Exercise details:
Your job with the data below: print everything from the line that holds "A biography and" down to the line that holds "- 1991년 4월 27일", ends included, exactly, and nothing else.
Data for processing Block Start
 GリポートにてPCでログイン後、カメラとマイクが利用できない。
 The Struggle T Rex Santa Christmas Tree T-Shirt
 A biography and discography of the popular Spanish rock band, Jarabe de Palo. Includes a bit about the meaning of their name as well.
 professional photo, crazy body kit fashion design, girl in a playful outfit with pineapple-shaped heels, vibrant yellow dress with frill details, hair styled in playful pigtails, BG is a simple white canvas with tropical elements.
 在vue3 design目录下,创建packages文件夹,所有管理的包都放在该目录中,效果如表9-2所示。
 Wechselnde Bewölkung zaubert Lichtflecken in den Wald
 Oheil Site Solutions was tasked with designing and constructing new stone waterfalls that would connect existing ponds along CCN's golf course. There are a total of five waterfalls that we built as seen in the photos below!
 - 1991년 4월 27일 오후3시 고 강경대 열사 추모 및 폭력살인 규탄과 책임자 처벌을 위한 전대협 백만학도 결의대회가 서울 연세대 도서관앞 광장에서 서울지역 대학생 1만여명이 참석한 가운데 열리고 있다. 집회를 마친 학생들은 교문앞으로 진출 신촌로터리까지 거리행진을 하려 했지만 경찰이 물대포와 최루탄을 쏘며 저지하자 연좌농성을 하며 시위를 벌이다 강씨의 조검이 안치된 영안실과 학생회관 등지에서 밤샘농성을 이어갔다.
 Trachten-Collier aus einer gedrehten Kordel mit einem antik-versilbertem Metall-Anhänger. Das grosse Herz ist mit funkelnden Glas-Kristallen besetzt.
Data for processing Block End
Data for processing Block Start
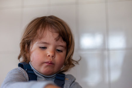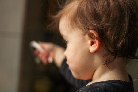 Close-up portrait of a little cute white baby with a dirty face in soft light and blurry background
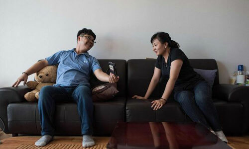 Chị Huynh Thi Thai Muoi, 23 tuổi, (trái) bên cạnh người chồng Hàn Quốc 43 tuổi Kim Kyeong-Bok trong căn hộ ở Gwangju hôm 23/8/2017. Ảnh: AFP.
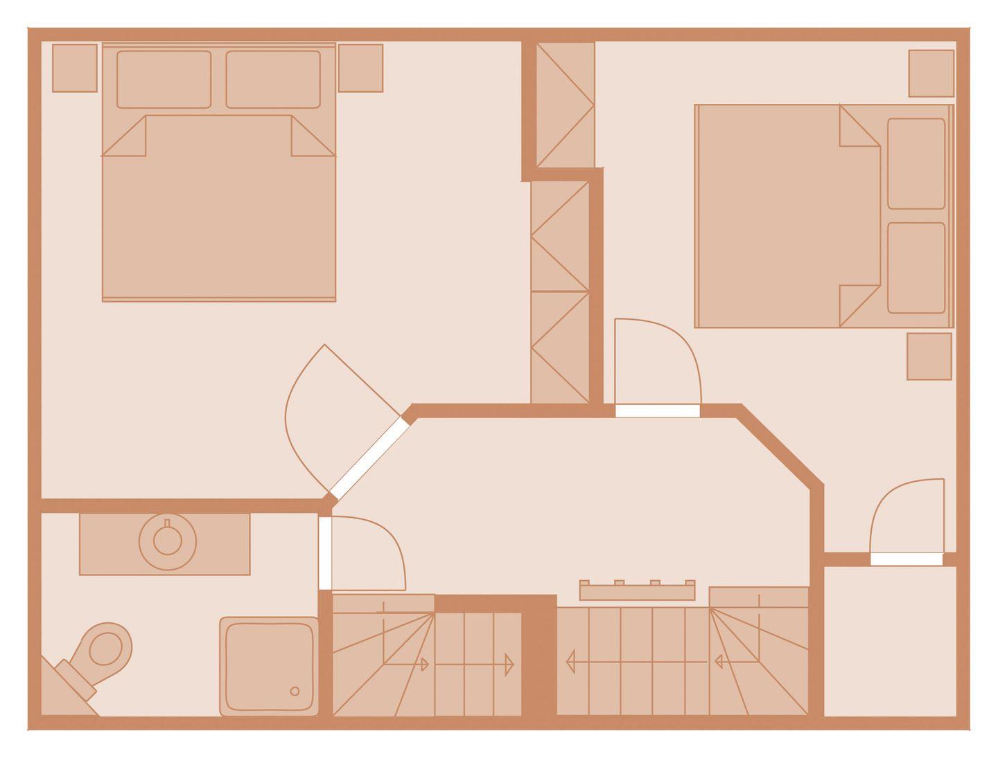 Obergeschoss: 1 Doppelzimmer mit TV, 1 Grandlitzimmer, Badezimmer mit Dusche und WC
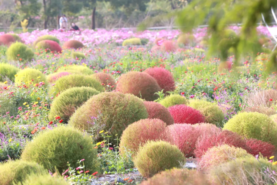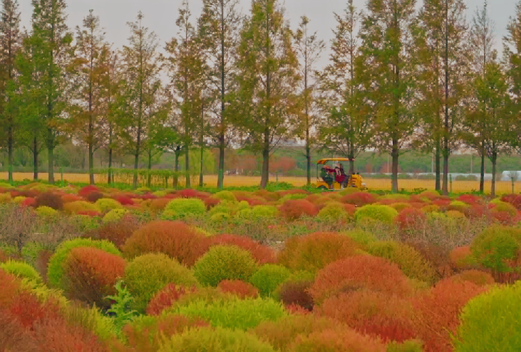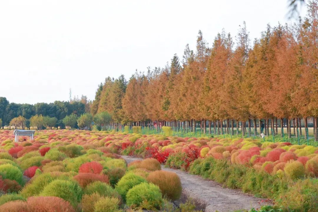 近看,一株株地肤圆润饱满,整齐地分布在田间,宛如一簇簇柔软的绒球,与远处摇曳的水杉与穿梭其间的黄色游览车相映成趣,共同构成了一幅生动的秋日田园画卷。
Data for processing Block End
Task answer:
 A biography and discography of the popular Spanish rock band, Jarabe de Palo. Includes a bit about the meaning of their name as well.
 professional photo, crazy body kit fashion design, girl in a playful outfit with pineapple-shaped heels, vibrant yellow dress with frill details, hair styled in playful pigtails, BG is a simple white canvas with tropical elements.
 在vue3 design目录下,创建packages文件夹,所有管理的包都放在该目录中,效果如表9-2所示。
 Wechselnde Bewölkung zaubert Lichtflecken in den Wald
 Oheil Site Solutions was tasked with designing and constructing new stone waterfalls that would connect existing ponds along CCN's golf course. There are a total of five waterfalls that we built as seen in the photos below!
 - 1991년 4월 27일 오후3시 고 강경대 열사 추모 및 폭력살인 규탄과 책임자 처벌을 위한 전대협 백만학도 결의대회가 서울 연세대 도서관앞 광장에서 서울지역 대학생 1만여명이 참석한 가운데 열리고 있다. 집회를 마친 학생들은 교문앞으로 진출 신촌로터리까지 거리행진을 하려 했지만 경찰이 물대포와 최루탄을 쏘며 저지하자 연좌농성을 하며 시위를 벌이다 강씨의 조검이 안치된 영안실과 학생회관 등지에서 밤샘농성을 이어갔다.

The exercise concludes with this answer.